Livingston County has begun the process of distributing funding grants and stipends as part of its multi-year federal American Rescue Plan Act (ARPA) one-time stimulus fund spending plan.
The American Rescue Plan Act of 2021 is a federal bill passed by Congress and signed into law by President Biden on March 11, 2021. It was created to support projects that build economic resilience and improve communities negatively affected by the COVID-19 pandemic. The Livingston County government is expected to receive approximately $12,200,000 from ARPA over two distributions, with a requirement that all funds be expended by the end of calendar year 2024.
At its May 25 meeting, the County Board of Supervisors announced commitments to broadband, technology, community development and mental health resources, among other priorities, using ARPA funds. .
To date, the Board has approved five initiatives:
$350,000 to URMC Noyes Health for a mental health project grant to help expand mental health presence and services in northern Livingston County, particularly in the community of Avon, to meet the needs and expressed requests for services from primary care physicians and patients in the community.
· $500,000 to the Livingston County Land Bank Corporation for an operating and initiatives grant to continue the Land Bank’s residential rehabilitation and demolition program. Potential new projects include raising funds for a mobile and manufactured home replacement program and the development of supportive housing.
$500,000 to the Livingston County Office of Tourism for a multi-year LivCo Tourism Festivals and Events Fund, which will be used to promote, enhance, develop and market new or existing festivals and events in Livingston County by introducing a high level of attraction for participants from other regions.
$178,000 to the Village of Lima for a Broadband Expansion Grant to meet corresponding requirements for a federal grant to extend fiber to the home for approximately 700 village address points as part of a a public-private partnership with Empire Access.
$750,000 for a Livingston County Department of Information and Technology initiative to improve and strengthen the county’s information technology infrastructure and reduce the threat of growing cybersecurity risks, while providing a better end-user experience for county staff.
“The ARPA funding is a once-in-a-generation funding opportunity. We work hard to maximize these one-time dollars and inject them into the community on a case-by-case basis with a focus on county government, small business, community and economic development, and technology/broadband,” the Livingston said. County Board of Supervisors Chairman David LeFeber.
In addition to these ARPA-funded initiatives, the County Board of Supervisors has also allocated $1,132,500 in 2021 one-time funds for two additional projects:
· $132,500 to the Livingston County Educational Alliance/Livingston County Chamber of Commerce for the Outreach and Career Exploration Platform that directly connects employers on the jobsite to students in the classroom, in real time.

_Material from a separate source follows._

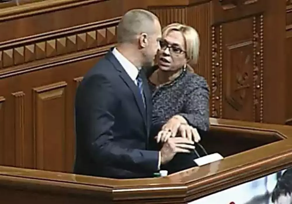 Депутат Рады ударил свою коллегу бутылкой по голове Андрей Тетерук и Александра Кужель Кадр из видео с сайта youtube.com
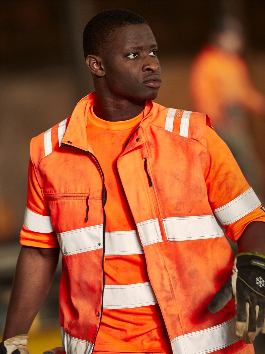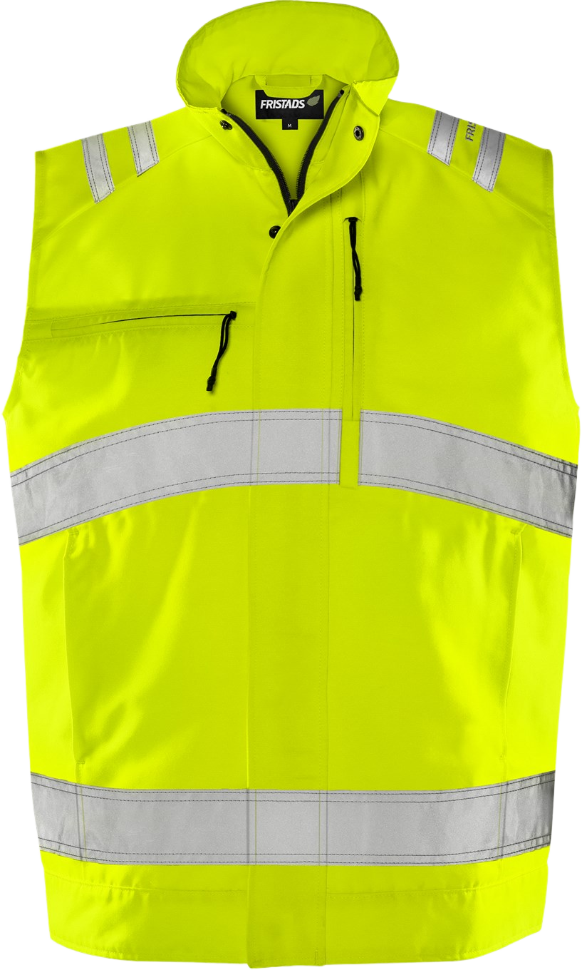 Vastuullinen huomioliivi, joka on tehty luomupuuvillasta ja kierrätetystä polyesteristä. Käytännölliset taskut vetoketjuilla ja napeilla säädettävä helma. EPD (Environmental Product Declaration) ympäristöselosteilla. Konsepti: Trofta PFAS vapaa

· $1,000,000 to the Livingston County Development Corporation for the Invested In You partnership. The partnership combines funding and technical support designed to leverage the county’s historic town centers, natural assets and economic drivers found in farming, food production and small businesses in Livingston and its innovative entrepreneurs to improve the natural and cultural attractions of the county.
Dr. Chad Teeters, President and CEO of Noyes Health in Dansville, said, “These funds will extend the reach of Noyes Mental Health and expand the delivery of mental health care to the northern part of Livingston County. This is primarily in response to a request from primary care providers in the region to bring mental health resources closer to where these patients are coming from, but also due to a growing reference population coming out of pandemic in this northern part of Livingston. We just built an Avon Mental Health Campus with eight treatment rooms and a group therapy room where we will actually provide mental health counseling and prescription services from this building.
Angela Ellis, Executive Director of Livingston County Land Bank Corporation, said, “Livingston County Land Bank seeks to improve the housing stock in the county by rehabilitating or removing derelict properties and returning them to stable use. Livingston County’s disbursement of ARPA funds will go a long way in helping this organization fulfill its mission and build stronger communities. This investment highlights the county’s trust and belief in the organization and its work. The Land Bank thanks the Supervisory Board for its continued support.
Melissa Hughes, Livingston County Director of Tourism, explained, “We see this competitive fund as an opportunity to not only welcome new experiences for our visitors, but also to enhance existing festivals and events in Livingston County. which have been affected in recent years. Although this is a tourism-oriented initiative, Livingston County Tourism believes that improving festivals and events in the area will also improve the quality of life for our residents.
Mayor of Lima John Skiptunas added, “With the onset of COVID and the increase in the number of people working from home, this funding is going to provide them with an exceptional source of internet access. The service flowing from Empire Access will be consistent at an improved speed and will be second to none. Residents will save a lot of money on their Internet bill because the flat rate, including connections, hardware and taxes, is only $50. We live in a community that has many seniors on fixed incomes and this will fit their budget and hopefully allow them to afford other luxuries.